Refus et réactions :
Le Ministère de la Justice refuse de leur accorder cette récompense avec des arguments qui paraissent spécieux à l’avocat des requérants, d’autant que la décoration aurait été accordée à un CRS pour des faits survenus en Corse dans des conditions similaires de moindre gravité.
Des réactions se manifestent dans la presse corporatiste (L’Essor de la Gendarmerie et La voix du gendarme) mais également dans Le Figaro :
Un magistrat en retraite, pris en otage avec les gendarmes, s’élève contre cette décision jugée inique :
https://lavoixdugendarme.fr/gendarmes-douvea-lappel-du-magistrat-jean-bianconi-au-directeur-general
L’affaire est devenue éminemment politique à la faveur du scrutin d’autodétermination de 2021. Il semble que la raison d’Etat conduit – au détriment des gendarmes – à ne pas taxer les meurtriers indépendantistes de 1988 de « terroristes » afin de ne pas créer un facteur d’envenimement, les indépendantistes considérant ces militants – rescapés ou tués – comme des héros martyrs de la cause (leur tombe collective a été érigée en monument à Ouvéa).
L’appel
L’avocat des requérants (Maître Gros, Lille) fait appel.
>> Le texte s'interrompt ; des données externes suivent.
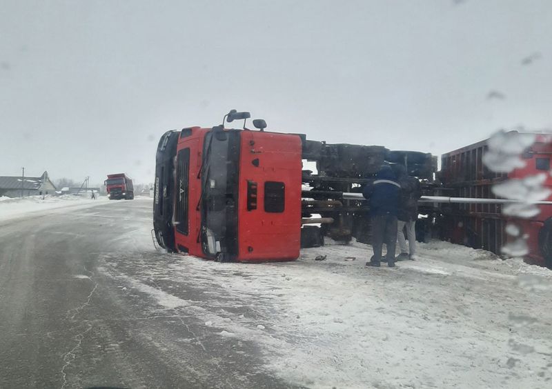 Автомобилисты сообщают о еще одном большегрузе, который завалился на бок. Авария с самосвалом МАЗ произошла неподалеку от Кушниково. Сегодня, 22 января, это как минимум второй большегруз, водитель которого не смог удержать на дороге многотонную машину. Сообщения о том, пострадал сам водитель МАЗа или нет, не поступали. Ранее портал «маленькая Сызрань» сообщал, что на трассе М-5 у так называемого «шигонского» перекрестка лежит на боку тонар. Трасса очень скользкая, водители в социальных сетях рекомендуют друг другу передвигаться с осторожностью.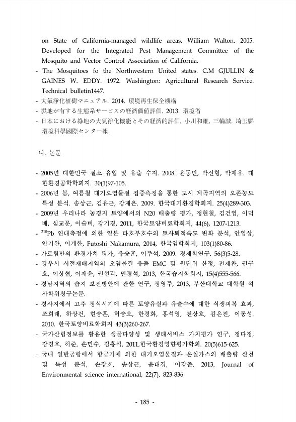 나 논문 년 대한민국 질소 유입 및 유출 수지 윤동민 박신형 박재우 대 한환경공학학회지 년 봄 여름철 대기오염물질 집중측정을 통한 도시 계곡지역의 오존농도 특성 분석 송상근 김유근 강재은 한국대기환경학회지 년 우리나라 농경지 토양에서의 배출량 평가 정현철 김건엽 이덕 배 심교문 이슬비 강기경 한국토양비료학회지 연대측정에 의한 일본 타호부호수의 토사퇴적속도 변화 분석 안영상 안기완 이계한 한국임학회지 가로림만의 환경가치 평가 유승훈 이주석 경제학연구 강우시 시절재배지역의 오염물질 유출 및 원단위 산정 전제찬 권구 호 이상협 이재윤 권현각 민경석 한국습지학회지 경남지역의 습지 보전방안에 관한 연구 정영주 부산대학교 대학원 석 사학위청구논문 경사지에서 고추 정식시기에 따른 토양유실과 유출수에 대한 식생피복 효과 ...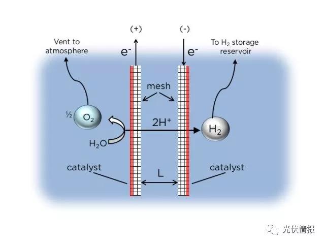 埃斯波西托的新設備決定舍棄膜,改以一種新穎的電極結構取而代之:僅在外側涂覆催化劑的網狀電極。這些不對稱電極可促進氫氣和氧氣僅在涂有催化劑的表面產生,當氣體氣泡變得足夠大時會從電極表面分離,氧氣就讓它自然流失掉,而氫氣會一路向上漂到架空的收集室儲存。

Les faits seront évoqués devant la Cour administrative d’appel de Toulouse le 20 mai prochain et le résultat sera scruté avec intérêt, d’autres recours étant possibles en cas de rejet.
L’Essor de la Gendarmerie vient d’annoncer cette audience, rappelé les faits de la cause et les arguments de la défense :
Médiatisation de l’audience :
France 3 Régions a consacré un long article très documenté annonçant cette audience et en la replaçant dans son contexte particulier :
Autre recours : la faute de l’État
Le 22 mai prochain le Tribunal administratif de Lille va examiner la requête de gendarmes rescapés de l’affaire de Fayaoué-Ouvéa du 22 avril 1988 (et de familles de gendarmes tués) qui ont mis en cause l’Etat-Gendarmerie pour faute.
Cette requête s’appuie sur les résultats d’un travail de recherche de 287 pages qui a été déposé en 2020 par un lieutenant-colonel de gendarmerie en retraite, Henri Calhiol, au Service historique de la Défense à Vincennes. L’auteur a établi que le commandant supérieur de la gendarmerie avait, peu avant l’attaque, donné des ordres écrits à ses officiers commandants de compagnie, à vocation de diffusion générale à toutes les brigades et postes isolés, qui imposaient clairement de basculer obligatoirement et sans délai d’une posture de défense des postes jusqu’alors voulue délibérément souple et non provocante (pour des considérations d’ordre politique), à une posture durcie et manifestement visible de nature à dissuader toute velléité d’attaque et de ne pas hésiter à faire usage des armes, dans un contexte où la menace d’agressions avec prise de gendarmes en otage était devenue hautement probable d’après les renseignements recueillis, recoupés et sans équivoque, parvenus au commandement à Nouméa.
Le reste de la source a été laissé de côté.